The Mussorgsky Riddle
Page 25
The four of us tumble down the other side and land at the base of the bridge in a tangle of bodies. The monster’s roar and the witch’s frantic screams fill the air. Before I can take another breath, the drawbridge shudders at the force of a monstrous blow.
“She’s still coming for you.” Modesto extricates himself from our twisted knot of arms and legs and runs to a large barrel-shaped device wrapped in chain. “The windlass got stuck as I tried to lower the bridge. I’m not sure I’ll be able to get it back up.”
Tunny and I scramble to our feet and rush to Modesto’s side. Our efforts to get the windlass working are futile. Dark movement catches my eye. Trilby screams as the monster’s enormous claw clamps down on the base of the bridge. The wood groans like an old tree in a hurricane.
I grab Modesto’s sleeve and point to the giant pincer. “Isn’t that monstrosity supposed to protect your castle?”

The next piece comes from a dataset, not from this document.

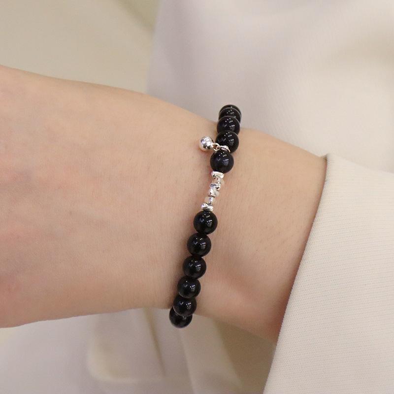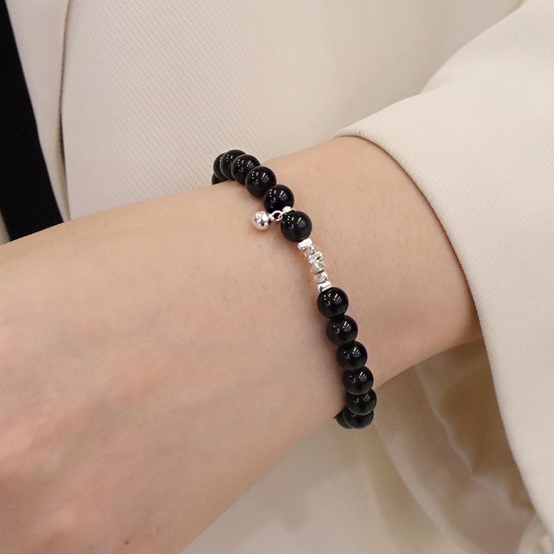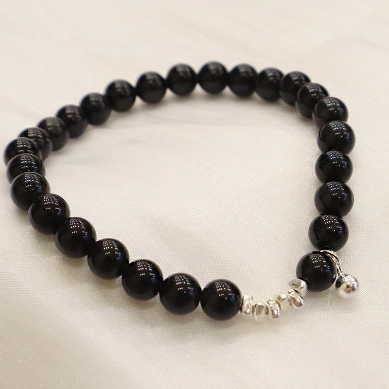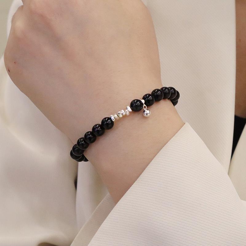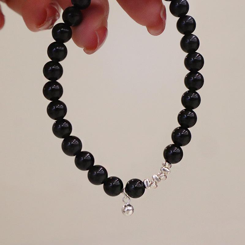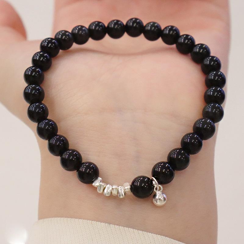 Pulsera de obsidiana de plata esterlina, pulsera de pareja de cristal, pulsera elástica simple Joker, venta al por mayor

“Once.” Modesto strains at the unmoving crank. “The witch controls it now.”
Though better than a foot thick, the section of timber deepest in the creature’s claw snaps like a twig as the bridge continues to splinter in its monstrous grasp. Trilby squeals and runs to my side.
“It’s getting through.” Tunny grabs the other handle of the windlass crank. “Pull, Scheherazade, with all you’ve got.”
In a flash, the answer comes to me. “Modesto. Tunny. Stop.”
“What?” Modesto says. I can’t decide which of the three appears the most shocked.
“The witch. She runs everything here. She controls the creature. Who’s to say she’s not in control of the bridge as well?”
“But the bridge is meant to protect us.” Trilby runs to my side. “Isn’t it?”
Another timber snaps in two as I drop to one knee and take Trilby by the shoulders. “The bridge didn’t keep her out before and that was before she had a bus-sized lobster at her command.”
“What would you have us do, then?” Modesto throws his hands up. “Lie down and die?”
“No. The opposite, in fact. I’m here for a reason, and she knows it.”
Tunny turns and looks at me. “And what purpose is that?”
I rise and take Modesto’s hands, more to get him to abandon the useless windlass than any other reason. “Remember when I was here before and we were running from the witch?”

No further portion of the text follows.